Reaction network for the total oxidation of toluene over CuO–CeO2/Al2O3
Graphical abstract
Alternating pulse and isotopic labeling experiments indicate that the catalytic total oxidation of toluene over CuO–CeO2/γ-Al2O3 consists of the following sequence: parallel adsorption of toluene on the catalyst surface, step 1; the simultaneous abstraction of H from the methyl and the phenyl group, steps 2 and 3; abstraction of the methyl carbon atom, step 4, followed by destruction of the aromatic ring, step 5. Two types of oxygen are directly involved in the oxidation of toluene: adsorbed oxygen and weakly bound surface lattice oxygen.
Highlights
► Reaction network for the total oxidation of toluene over CuO–CeO2/Al2O3. ► Transient response techniques with millisecond time scale. ► The role and nature of the respective oxygen active species. ► Life time of the reactants species on the catalyst surface. ► Isotopic labeling experiments with 18O2, C6H5–13CH3, and C6H5–CD3.
Introduction
The catalytic total oxidation of volatile organic compounds (VOCs) is generally considered to be an effective method for reducing the emission of pollutants in the environment [1], [2]. The main advantages of catalytic combustion compared with other decontamination technologies are high efficiency at a very low pollutants concentration, low energy consumption and low production of secondary pollutants, e.g., NOx. Conventional catalysts based on noble metals supported on Al2O3 are successfully used to eliminate VOCs by total oxidation. Noble metal catalysts are very active, but they are costly and have low stability in the presence of chlorine compounds [1], [3]. Transition metal oxides, such as copper, cobalt, manganese, and chromium, are known to be active combustion catalysts [1], [4]. They are less active at lower temperatures but have comparable activity at high temperatures and have high catalyst loading capabilities. CuO was reported to be as effective as Pt for the incineration of n-butanol and methyl mercaptan [3]. Larsson and Andersson found excellent performance for the incineration of CO, ethyl acetate, and ethanol over CuOx/Al2O3 [5], [6]. Rajesh reported that CuO/Al2O3 was even more active than Pt/Al2O3 for the complete oxidation of ethanol [7]. CuO was the most active transition-metal oxide of those tested for the catalytic incineration of toluene with γ-Al2O3 as support [8]. Copper promoted by ceria is known to show better catalytic performance for the complete oxidation of benzene, toluene, and p-xylene than copper only [5], [8], [9], [10].

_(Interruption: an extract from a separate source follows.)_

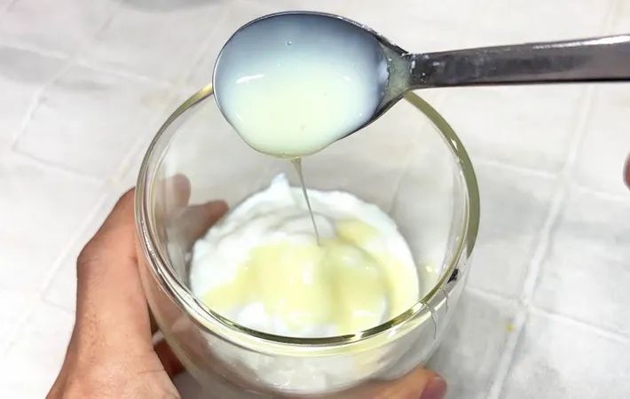 作り方の工程は、驚くほどシンプル。 まず、グラスにヨーグルトを入れ、そこに練乳を加えましょう。
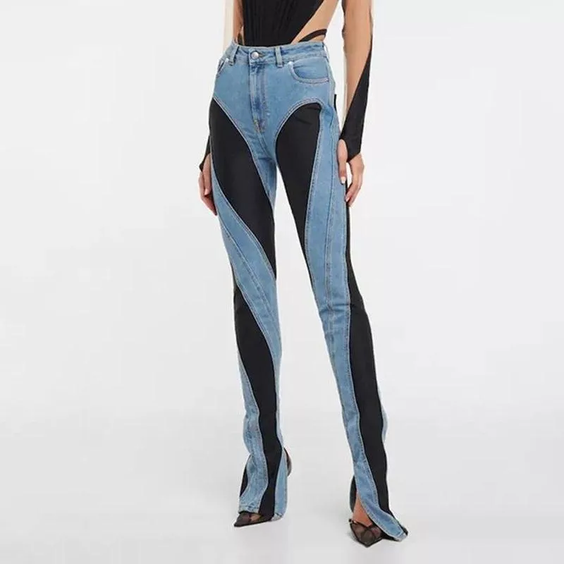 High Waist Slim Fit Patchwork Denim Pants

It is generally accepted that the oxidation of VOCs (toluene, propane) over transition metal oxide catalysts occurs according to a Mars–van Krevelen type redox cycle and proceeds through nucleophilic attack of the lattice oxygen of the oxides [11], [12], [13], [14], [15], [16], [17], [18]. This mechanism includes two steps: the first step consists of reactant oxidation using the catalyst lattice oxygen, which will be replaced, and in the second step, by atoms originating from dioxygen. However, the first step in the oxidation process is not an elementary step, and the actual mechanism involves many consecutive and/or parallel steps [11], [19], [20], [21], [22]. Toluene adsorption with the aromatic ring parallel to the exposed metal oxide planes leads to the destruction of the molecule and the formation of total oxidation products. Perpendicular end-on adsorption of toluene on oxygen containing sites leads to abstraction of H-atoms from the methyl group and an adsorbed complex through a strong C–O bond. This complex is considered to be the benzaldehyde and/or other selective-products precursor or further oxidized to carbon oxides [11], [19], [20], [21], [22]. On the other hand, according to the Mars–van Krevelen mechanism, the dioxygen is only required to reoxidize the reduced surface metal centers. Dioxygen molecules are activated through an interaction with the surface of the catalyst. This activation proceeds first through a dissociative adsorption, which includes coordination, electron transfer, and dissociation, followed by incorporation into the lattice. Consequently, two possible states of oxygen are available on the surface of the catalyst. Adsorbed dioxygen species are also reported to be active in hydrocarbon oxidation catalysis [10], [11], [14], [23], [24], [25], [26]. The role and nature of the respective oxygen active species (e.g., adsorbed oxygen species acting as electrophilic oxygen and lattice “nucleophilic” oxygen) in catalytic combustion are not fully clarified. Other aspects, e.g., the nature of the active sites and the mechanism for C–H and C–C bond activation are still incompletely explained.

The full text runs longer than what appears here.